Metabolic Conditioning for Team Sport (Part Three)

III. Anaerobic Speed Reserve

Anaerobic Speed Reserve

Maximal aerobic speed (MAS) or the velocity associated with V̇O2max (vV̇O2max) can be defined as the lowest velocity that elicits maximal oxygen uptake and has been used ubiquitously to individualise high-intensity interval training (HIT) prescription (1). This can be conceptualised as the maximum sustainable intensity, in contrast to maximal sprinting speed (MSS), that is, maximal attainable intensity. Moreover, the former can be thought of as sustainable force application and the latter as non-sustainable force application. Thus, MAS is directly representative of the athlete’s locomotor abilities, taking into account both V̇O2max and the energetic cost of running.

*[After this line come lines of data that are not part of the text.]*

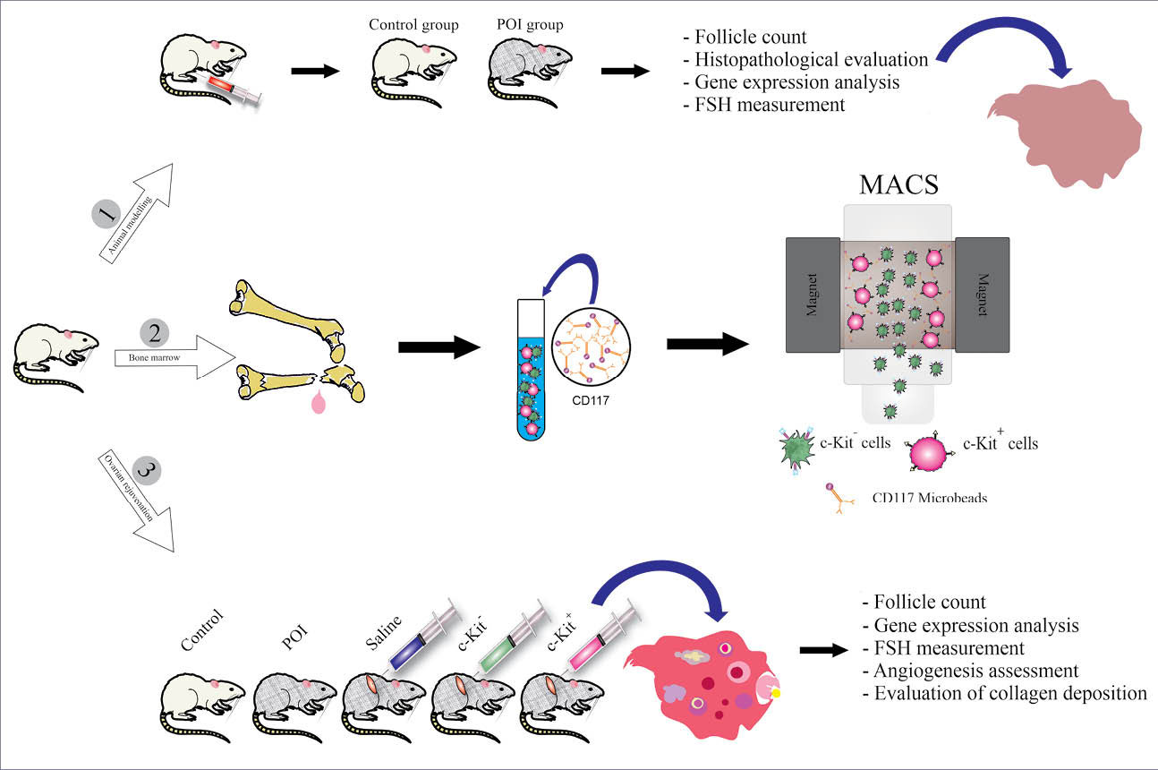 Therefore, we hypothesized that cells harboring the c-Kit receptor provide an appropriate candidate for the restoration of injured ovarian tissue. To our knowledge, the therapeutic effects of enriched populations of c-Kit+ cells on the rejuvenation of ovarian tissue have not yet been reported or described. Thus, in the present study, we aimed to investigate the recovery of ovarian function following transplantation of c-Kit+ cells using a rat model of POF. On this basis, we used conventional POF induction protocol induced by VCD (4-vinylcyclohexene dioxide) which is touted as a typical gonadotoxic chemical targeting primary follicles.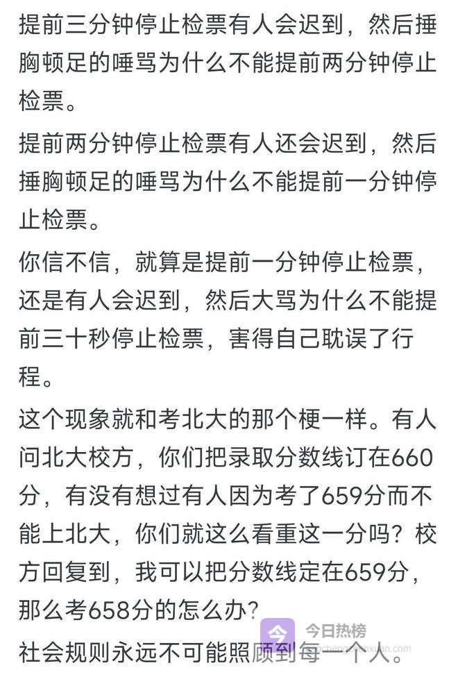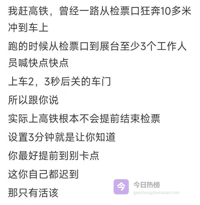 今日话题:为什么高铁提前三分钟停止检票?接下来小编就带领大家来看看,网友们是怎么看待这个问题的。
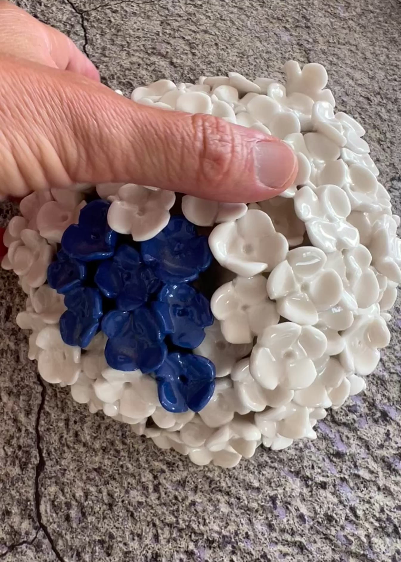 Technique: Slab-rolled base and hand-sculpted hydrangea flowers, high-fired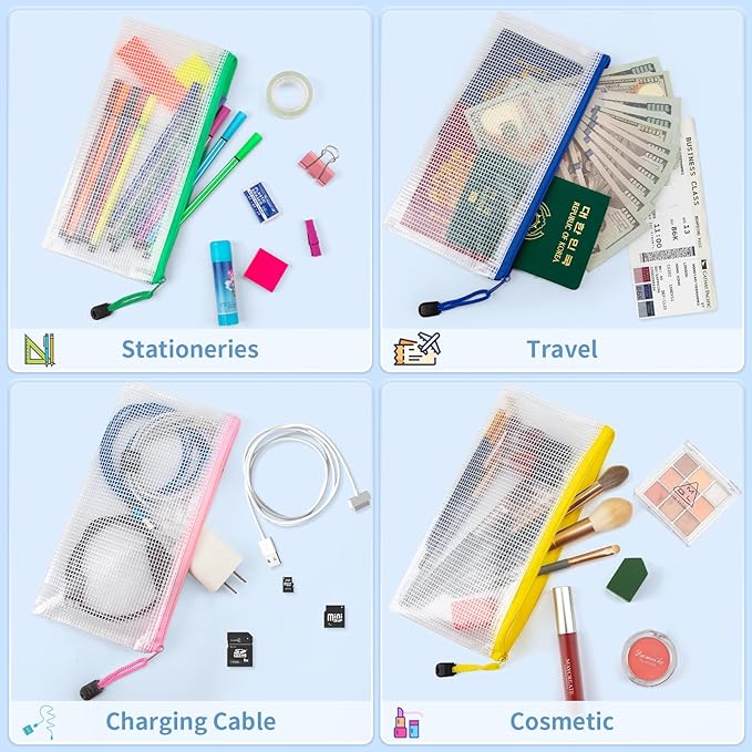 - 【Versatile Zipper Bags】 - For travelers, you can use it to store passports, charging cords, toiletries. For office workers, it can help you organize and store documents, receipts. For family storage, you can organize pencils, pens, markers, etc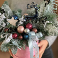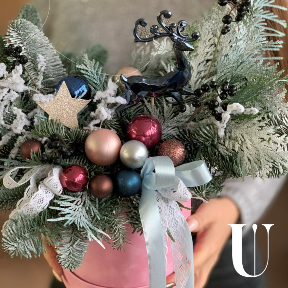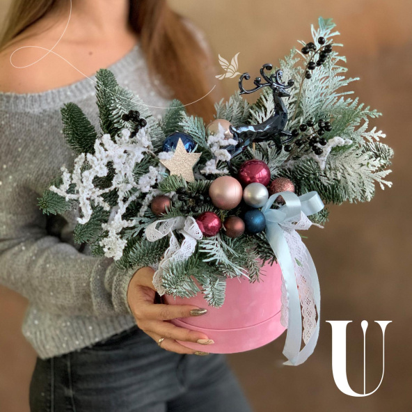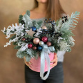 - Шляпная коробка бархатная, нежно-розовая (выс.16 см, диам.16 см) - 1 шт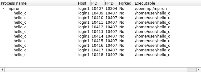 With some supported MPI implementations (for example, Open MPI) Linaro DDT shows MPI processes as children of the (or equivalent) command.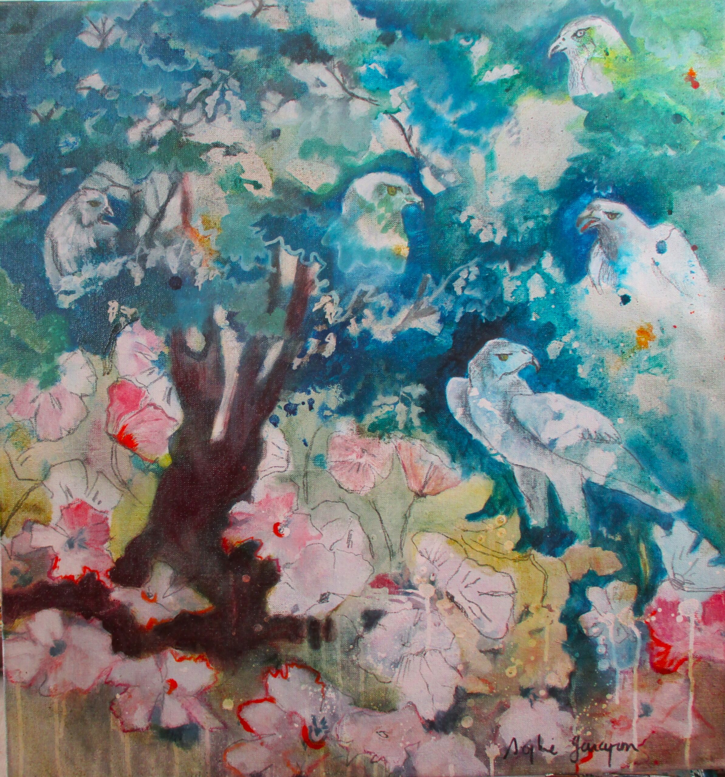 Huile sur toile 20×20  hé! toi l’oiseau!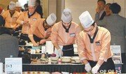 13일 서울 영등포구 롯데쇼핑 인재개발원에서 열린 ‘신선 명장 선발대회’에서 참가자들이 경연을 펼치고 있다. 롯데마트의 신선 명장 선발대회는 먹거리 진열 기법, 신메뉴 개발 능력 등을 평가해 신선 식품 부문의 최우수 사원을 가리는 행사이다. 신원건 기자 laputa@donga.com}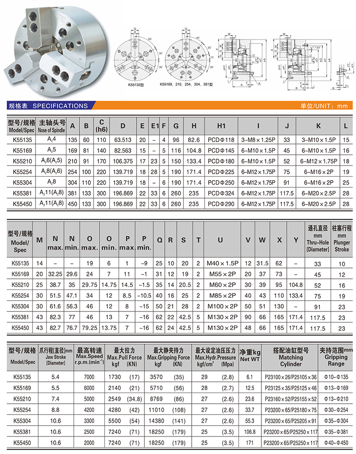 K55 三爪高速中實(shí)動(dòng)力卡盤(pán)
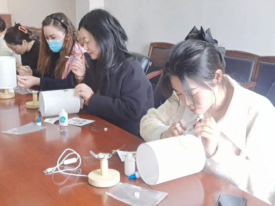 打開插座,點亮臺燈,柔和的光線帶給大家滿滿的溫馨感。大家紛紛露出驚喜的笑臉,并互相贊美、交流彼此的手工作品,現(xiàn)場溫情滿滿、充滿歡聲笑語。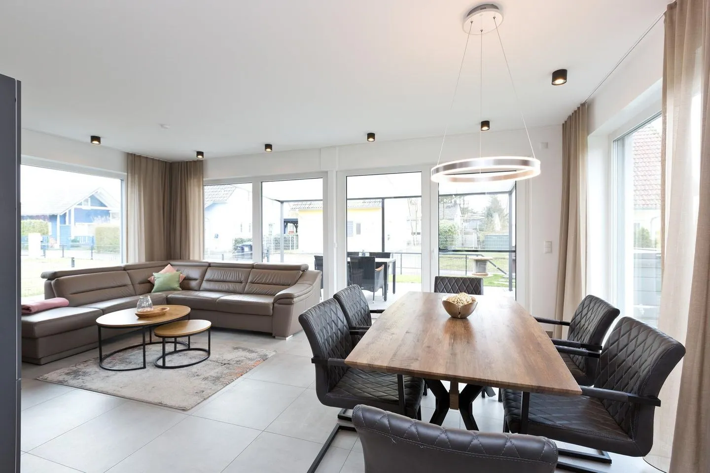 Große bodentiefe Fensterelemente öffnen den kompletten Wohnbereich in den Garten. Das Haus bietet neben der Fußbodenheizung auch eine Kühlung für alle Räume an. Zusätzlich sind alle Räume mit eine integrierter Wohnraumbelüftung versehen die ein fantastisches Raumklima erzeugt.

The anaerobic speed reserve (ASR) can be quantified as the difference between MSS and MAS, thus being underpinned by both metabolic power and musculoskeletal function (2). The ASR has been shown to overcome interindividual variations in supramaximal running performance in athletes of the same MAS. This is due to the fact that the same absolute running intensities (% MAS) may involve a different proportion of one’s ASR, resulting in differing physiological demands and energy system contributions. Recommendations have proposed a two-pronged approach whereby training is targeted towards improving maximal sprint speed alongside the inclusion of HIT to improve the ability to recover between bouts (3). In support of this, both maximal sprint speed and maximal aerobic speed (ASR) were significant predictors of repeat sprint ability (RSA) in a cohort of 61 team sport players (4).

Thus, an understanding of both metabolic and biomechanical specificity is required if repeated supramaximal running ability is to be enhanced. It is therefore imperative for the prescription of running-based conditioning to include a velocity that comprises dual sensitivity to both the aerobic and anaerobic capacities of the athlete.


(1) Billlat, V. L., Slawinski, J., Bocquet, V., Demarle, A., Lafitte, L., Chassaing, P., & Koralsztein, J. P. (2000). Intermittent runs at the velocity associated with maximal oxygen uptake enables subjects to remain at maximal oxygen uptake for a longer time than intense but submaximal runs. European Journal of Applied Physiology, 81, 188-196.

(2) Blondel, N., Berthoin, S., Billat, V., & Lensel, G. (2001). Relationship between run time to exhaustion at 90, 100, 120, and 140% of vVO2max and velocity expressed relatively to critical velocity and maximal velocity. International Journal of Sports Medicine, 22, 27-33.

(3) Bishop, D., Girard, O., & Mendez-Villanueva, A. (2011). Repeated-sprint ability – Part II: Recommendations for training. Sports Medicine, 41, 741-756.

(4) Buchheit, M. (2012). Repeated-sprint performance in team sport players: Associations with measures of aerobic fitness, metabolic control and locomotor function. International Journal of Sports Medicine, 33, 230-239.